Good God, this kid’s been through a lot in his 9 years.
Unrelatedly, genetic testing is back and… of all the genes tested, all are negative for mutations. My genes are normal! This means genetics did not cause the cancer, and I don’t have an increase (compared to the average population) of getting breast cancer again or any of the other cancers examined in the test (brain, thyroid, ovarian). What it doesn’t answer, though, is why I did get cancer. It could be environmental. It could be a mutation on some other gene yet to be discovered. It could be that science just doesn’t have the technology to “find” the mutation yet in the genes examined.
I really don’t need the answer for “why me,” and I’m taking this as very good news. The information will help me and the medical team finalize surgery plans. It also means the kids do not need genetic screening for these cancers. However, Lauren will need to talk to her doctors when she’s in her early 30s about starting mammograms sooner than traditionally recommended.
I found my kryptonite – Breast MRI. I tried again, with lorazepam this time. The test didn’t even get started before I quit. I just couldn’t get enough oxygen laying on my stomach. I was worried about hurting my recent port insertion site.
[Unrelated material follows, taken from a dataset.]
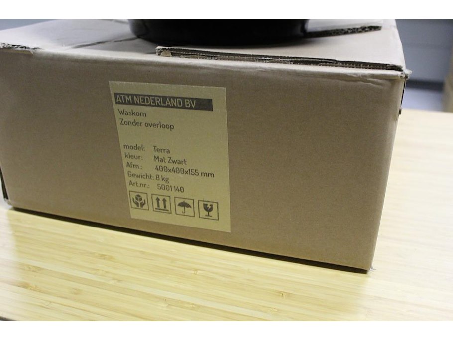 Waskom terra mat zwart. afmeting 400 x 400 x 155 mm. gewicht 8 kg.

And I fought the “relaxing” effects of lorazepam with all my might. I was the opposite of relaxed. See, lorazepam was one of the anti-anxiety meds Mike took after he lost his job. He took the pills like candy, to the point of being zombie-ish. Then he started combining the pills with alcohol, which rendered him virtually comatose. I just couldn’t shake the image of him on the couch, not opening his eyes, mumbling incoherently. I wouldn’t let myself relax, not with THIS in my body. I didn’t want to be like THAT. So, I basically walked in the MRI room and walked out – didn’t even start the imaging. Not happening.
After last night’s session with Ethan’s new therapist (D), I feel even more sure that Ethan’s problems in school are very heavily grief-based.
She started by asking really basic questions to get him more comfortable. (Where do you go to school? What grade are you in? What’s your favorite school subject? What do you like to do for fun?)
Then she moved to word association. Mom, she said.
“Pretty good,” Ethan said. “Nice, but I get mad when she won’t let me play my 3DS.”
D looked at me. I could see her smile through her eyes. Grandma, she said next.
“Good,” said Ethan.
Ethan’s body tensed. He covered his face with his hands. He started to get very fidgety. His fists balled up. He arched his back.
“It’s okay,” D said. “How do you feel about your dad?”
“I don’t have a dad,” Ethan said.
“Yes you do,” D said. “He’s just not here with you. How do you feel about your dad?”
Ethan started punching the ball he was holding. “Mad,” he said. “I told him to stop drinking beer. I threw some of his beer away once. I got in really bad trouble.”
“What happened?” D asked softly.
Ethan continued hitting the ball. He turned his back to us and punched at the ball.
“Daddy yelled – LOUD. Then I got send to my room. He should have stopped drinking.”
“It’s okay to punch that ball,” D said. Ethan continued his physical outburst for another minute or so.
D looked at me and whispered,” Did you see those physical changes? There’s a lot going on there.”
The rest of the session went well. It was hard for Ethan to focus after talking about his dad. The three of us played a game involving placing stones on Ethan’s body to encourage him to lay still. Then we played a board game called Stop, Relax & Think, which got him opening up a bit about his feelings and start thinking through possible ways to relax and deal with stressful situations or things that make him angry.
At one point in the Stop, Relax & Think game, I had to sing a song until D told me to stop. Ethan apparently was not amused with my singing and told me to stop a few times. I kept going until D told me to quit, per the rules. D turned to Ethan and explained that it was never the job of the child to tell his parent to “stop.” Instead it is the job of the parent to correct the child. I liked D even more after that.
We go back to D in a week. She’s going to do good things with Ethan.